→ **What the exercise asks**
Leaving the pictures aside, return all of the data below exactly.

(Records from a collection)
▬▬▬▬▬▬▬▬▬▬
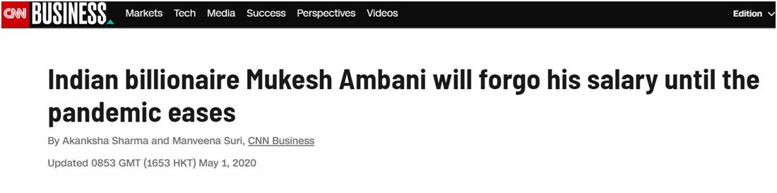 【环球网报道 记者 张晓雅】据美国有线电视新闻网(CNN)5月1日报道,(目前的)亚洲首富、印度亿万富翁穆凯什•安巴尼(Mukesh Ambani)4月30日表示,在新冠疫情缓解之前,他不会拿薪水。
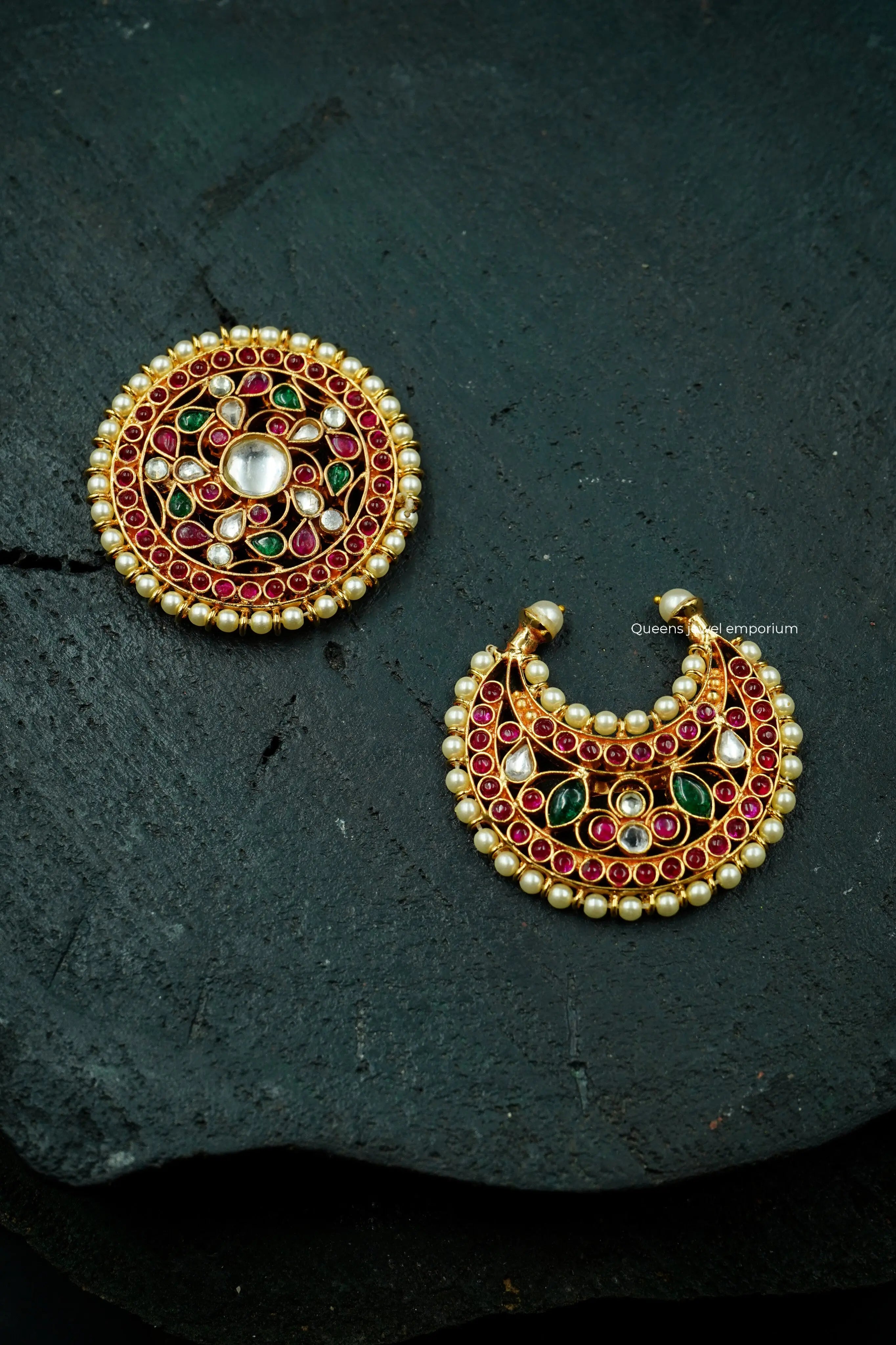Enhance your bridal hairstyle with our sophisticated Jada Villai, crafted by respected designers Chandran and Suriyan. The timeless design seamlessly combines elegance and trend, adding the perfect finishing touch to your traditional look. Elevate your style with ease.
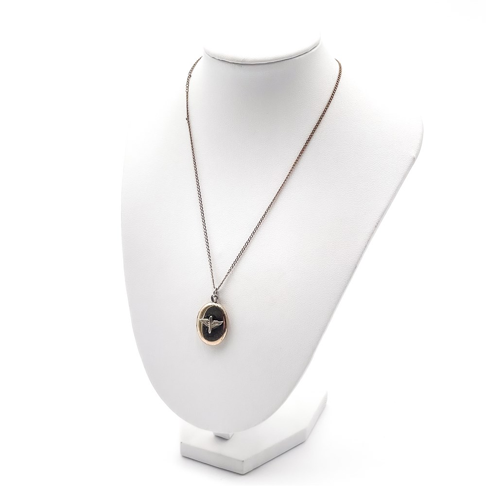 A vintage military "sweetheart" locket, specifically featuring the insignia of the U.S. Army Air Corps or Army Air Forces. The oval-shaped locket has a propeller and wings insignia, a classic symbol that has been used by U.S. military aviation branches since the 1920s. This design is often associated with the era of World War II, when "sweetheart" jewelry was popular for loved ones to wear while military personnel were serving overseas. Lockets are traditionally worn to hold small mementos or photographs of loved ones, serving as a sentimental symbol of connection and memory. H: 12" Good condition.
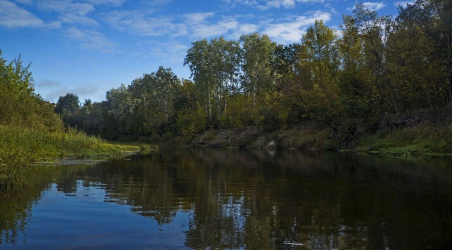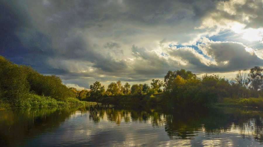 В воскресенье уже по традиции побывали на реке Снов,цели ставили те же-поймать хорошего Язя,которого там хватает:).В этот раз что бы не повторять прошлых ошибок решили выбросить лодки выше по реке,а машину оставить на пару км ниже.Я остался качать лодки,а Олег вернулся ко мне пешком.Сбросились около 9 утра,первые метры сплава дали неплохой результат,в улове были голавли и неплохие окуня.На воде стоял полный штиль,небо было вплотную затянуто тучами.Через час периодически стало появляться солнце ,но поднялся ветер,клев отрезало и дальнейшие часы приносили лишь редкие поимки небольших рыбин.Радость в это время приносили невероятные пейзажи осенней реки которые открывали нам новые повороты.Люблю эту пору,когда ярко желтые листья еще на деревьях,а берега чистые и пустынные...
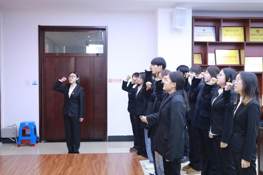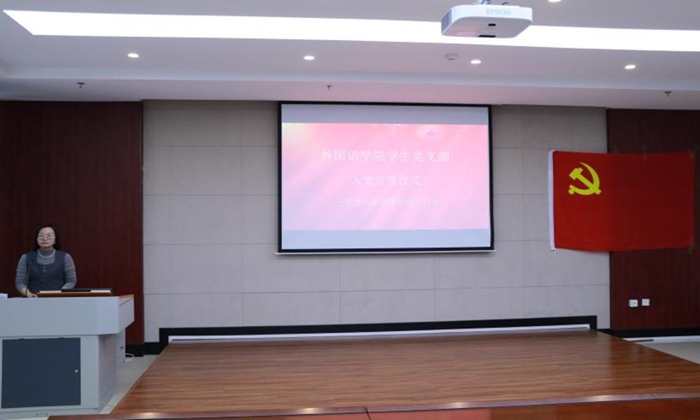 研究生助理陈一同志作为领誓人,带领新发展的预备党员一起紧握右拳,庄严肃立,面向党旗进行入党宣誓。誓词虽短,字字千钧,表达了党员永葆初心使命,为共产主义事业奋斗终生的坚定信念和决心。
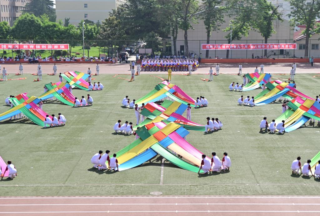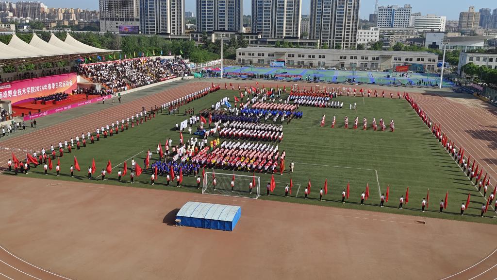 由体育课教学部编排,水利工程学院、经济与贸易学院、生态环境工程学院、动物工程学院500名师生参演的团体操表演《青春飞扬》,将运动会开幕式推向高潮。表演分为“梦想启航”和“我爱你中国”两个篇章,彩条翻飞,犹如群龙腾空,舞步优美,点燃青春的律动,学子们以彩条为笔,以场地为画布,摆成“同心圆”、“1934”、“2024”等图案,为学校90华诞献上美好祝福。
▬▬▬▬▬▬▬▬▬▬
→ **Response area**
 【环球网报道 记者 张晓雅】据美国有线电视新闻网(CNN)5月1日报道,(目前的)亚洲首富、印度亿万富翁穆凯什•安巴尼(Mukesh Ambani)4月30日表示,在新冠疫情缓解之前,他不会拿薪水。
Enhance your bridal hairstyle with our sophisticated Jada Villai, crafted by respected designers Chandran and Suriyan. The timeless design seamlessly combines elegance and trend, adding the perfect finishing touch to your traditional look. Elevate your style with ease.
 A vintage military "sweetheart" locket, specifically featuring the insignia of the U.S. Army Air Corps or Army Air Forces. The oval-shaped locket has a propeller and wings insignia, a classic symbol that has been used by U.S. military aviation branches since the 1920s. This design is often associated with the era of World War II, when "sweetheart" jewelry was popular for loved ones to wear while military personnel were serving overseas. Lockets are traditionally worn to hold small mementos or photographs of loved ones, serving as a sentimental symbol of connection and memory. H: 12" Good condition.
 В воскресенье уже по традиции побывали на реке Снов,цели ставили те же-поймать хорошего Язя,которого там хватает:).В этот раз что бы не повторять прошлых ошибок решили выбросить лодки выше по реке,а машину оставить на пару км ниже.Я остался качать лодки,а Олег вернулся ко мне пешком.Сбросились около 9 утра,первые метры сплава дали неплохой результат,в улове были голавли и неплохие окуня.На воде стоял полный штиль,небо было вплотную затянуто тучами.Через час периодически стало появляться солнце ,но поднялся ветер,клев отрезало и дальнейшие часы приносили лишь редкие поимки небольших рыбин.Радость в это время приносили невероятные пейзажи осенней реки которые открывали нам новые повороты.Люблю эту пору,когда ярко желтые листья еще на деревьях,а берега чистые и пустынные...
 研究生助理陈一同志作为领誓人,带领新发展的预备党员一起紧握右拳,庄严肃立,面向党旗进行入党宣誓。誓词虽短,字字千钧,表达了党员永葆初心使命,为共产主义事业奋斗终生的坚定信念和决心。
 由体育课教学部编排,水利工程学院、经济与贸易学院、生态环境工程学院、动物工程学院500名师生参演的团体操表演《青春飞扬》,将运动会开幕式推向高潮。表演分为“梦想启航”和“我爱你中国”两个篇章,彩条翻飞,犹如群龙腾空,舞步优美,点燃青春的律动,学子们以彩条为笔,以场地为画布,摆成“同心圆”、“1934”、“2024”等图案,为学校90华诞献上美好祝福。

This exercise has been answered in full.